The dictionary was compiled around 1653/1654 in Thatta. In the view of historian Muzaffar Alam, the dictionary was part of a trend of attempts to 'purify' the Persian language in Mughal India by aligning it closer to its Iranian roots. The dictionary's completion followed that of the Burhan-i Qati, another major Indo-Persian dictionary compiled in the Deccan, by two years. Unlike other dictionaries of its time, the Farhang-i Rashidi is not dedicated to any individual. Orientalist scholars Charles Ambrose Storey and Heinrich Blochmann agreed that the dictionary was dedicated to Mughal emperor Shah Jahan; Blochmann explained the lack of dedication in the text by asserting that the work was only completed when Shah Jahan had been imprisoned by his successor Aurangzeb, whom Abd-al-Rashid did not approve of. However, scholar Arthur Dudney refutes this explanation, pointing out that Shah Jahan was still in power around 1653 and was only imprisoned in 1658. The Farhang-i Rashidi is also set apart from contemporary dictionaries in that it originated from the Sindh region rather than in any Mughal imperial centre.

== Content ==
The Farhang-i Rashidi is a monolingual Persian dictionary. It is structured into a moqaddema (introduction), followed by twenty-four bab (chapters). The preface of the book indicates that the book also has a khatima (conclusion) but this never appears. The introduction is a notable work in itself; it is a discussion of the vocabulary and grammar of the Persian language and represents one of the earliest academic attempts to describe Persian grammar. The dictionary contains 8,000-9,000 entries arranged alphabetically by the first letter of the word, and every word sharing the same first letter is grouped into one chapter. Chapters are subdivided into fasl (sections) that further group words by shared second letter. Many of these sections also have isti'arat (metaphors) appear at their end. Each word has a pronunciation provided using the constituent vowels, and Indian equivalents are listed for some words.

== Legacy ==
The Farhang-i Rashidi enjoyed widespread popularity after its publication owing to its completeness and critical treatment of previous dictionaries. Scholar Jan Rypka called it one of the three most important dictionaries produced in Mughal India. It was one of the dictionaries that provided the basis for eighteenth-century Persian lexicography, and was cited as a source in subsequent Persian dictionaries Siraj-al-Lughat (1734–35), Bahar-i Ajam (1749), and Ḡīāṯ al-loḡā (1826–27). In the Siraj-al-Lughat, the author Siraj-ud-Din Ali Khan Arzu praises the Farhang-i Rashidi for its use of quotations, but one of the purposes of his own dictionary was to fix shortcomings in the latter. The Farhang-i Rashidi later influenced the European study of the Persian language; it is used as a source by Johann Vullers in his 1864 Persian-Latin dictionary, and Francis Joseph Steingass in his 1892 Persian-English dictionary. The Farhang-i Jahangiri was published in 1872 by the Asiatic Society in Calcutta.
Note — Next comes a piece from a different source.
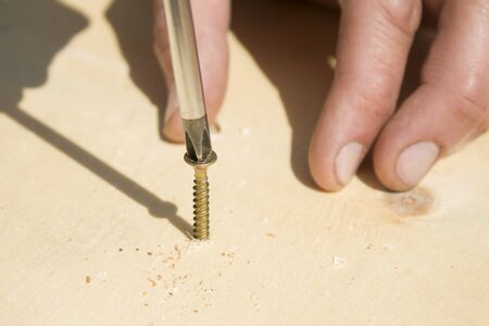 The carpenter screws the gold screw with a screwdriver.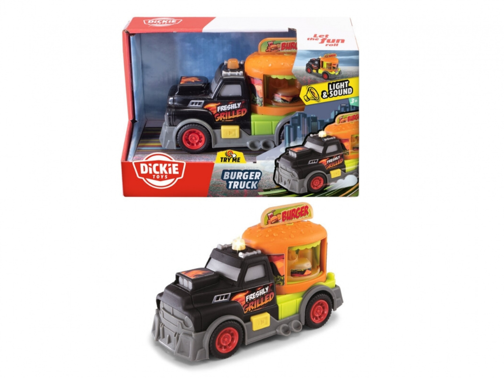 Dickie Burger truck 15 cm Pripravite se na gurmansko zabavo s tovornjakom z burgerji! To 15 cm dolgo dostavno vozilo je namenjeno otrokom od 3. leta naprej in združuje igranje z realističnimi funkcijami, ki vsakemu malčku pričarajo občutek prave mobilne burger kuhinje.

The introduction portion of the Farhang-i Rashidi was used as the basis for a work on Persian grammar titled Resāla-ye 'Abd-al-Wāse, authored by Abd-al-Rashid's contemporary Abd-al-Wāseʿ Hānsawī - this work was a widely used primer of the eighteenth century. The introduction was also published separately as Grammaticae Persicae praecepta ac regula in 1864.